Dataset excerpts:

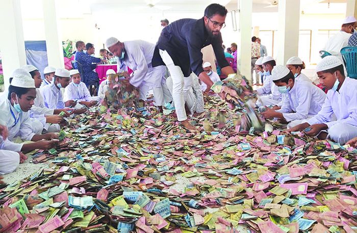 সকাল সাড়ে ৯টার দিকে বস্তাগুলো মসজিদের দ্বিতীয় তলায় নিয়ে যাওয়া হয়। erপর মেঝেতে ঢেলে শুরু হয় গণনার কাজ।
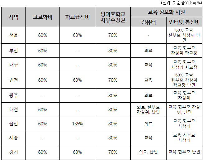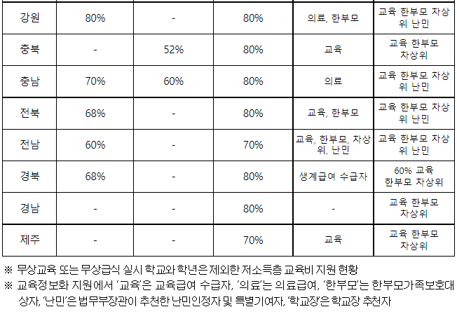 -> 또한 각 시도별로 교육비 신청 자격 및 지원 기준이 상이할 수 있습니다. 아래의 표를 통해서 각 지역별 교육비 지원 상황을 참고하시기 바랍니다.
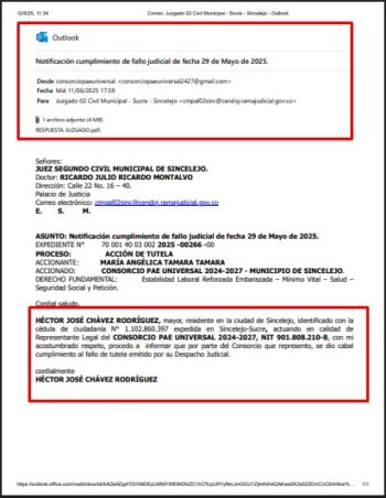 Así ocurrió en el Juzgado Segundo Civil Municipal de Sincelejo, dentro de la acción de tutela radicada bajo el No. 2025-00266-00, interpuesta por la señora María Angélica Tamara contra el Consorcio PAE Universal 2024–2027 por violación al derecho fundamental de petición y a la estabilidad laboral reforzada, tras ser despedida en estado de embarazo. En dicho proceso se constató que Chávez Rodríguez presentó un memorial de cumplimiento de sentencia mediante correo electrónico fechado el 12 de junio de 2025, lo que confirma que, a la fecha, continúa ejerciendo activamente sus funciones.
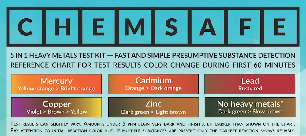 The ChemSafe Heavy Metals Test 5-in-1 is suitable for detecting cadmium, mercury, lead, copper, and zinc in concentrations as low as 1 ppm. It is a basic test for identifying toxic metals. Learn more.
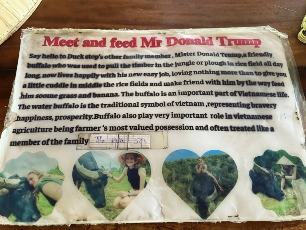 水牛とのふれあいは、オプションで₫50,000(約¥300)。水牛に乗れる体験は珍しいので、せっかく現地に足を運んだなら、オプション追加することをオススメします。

** Exercise aim **
Would you restate word for word only the lines from the line with "The ChemSafe Heavy" to the last line above, with the pictures left out?

** Answer section **
 The ChemSafe Heavy Metals Test 5-in-1 is suitable for detecting cadmium, mercury, lead, copper, and zinc in concentrations as low as 1 ppm. It is a basic test for identifying toxic metals. Learn more.
 水牛とのふれあいは、オプションで₫50,000(約¥300)。水牛に乗れる体験は珍しいので、せっかく現地に足を運んだなら、オプション追加することをオススメします。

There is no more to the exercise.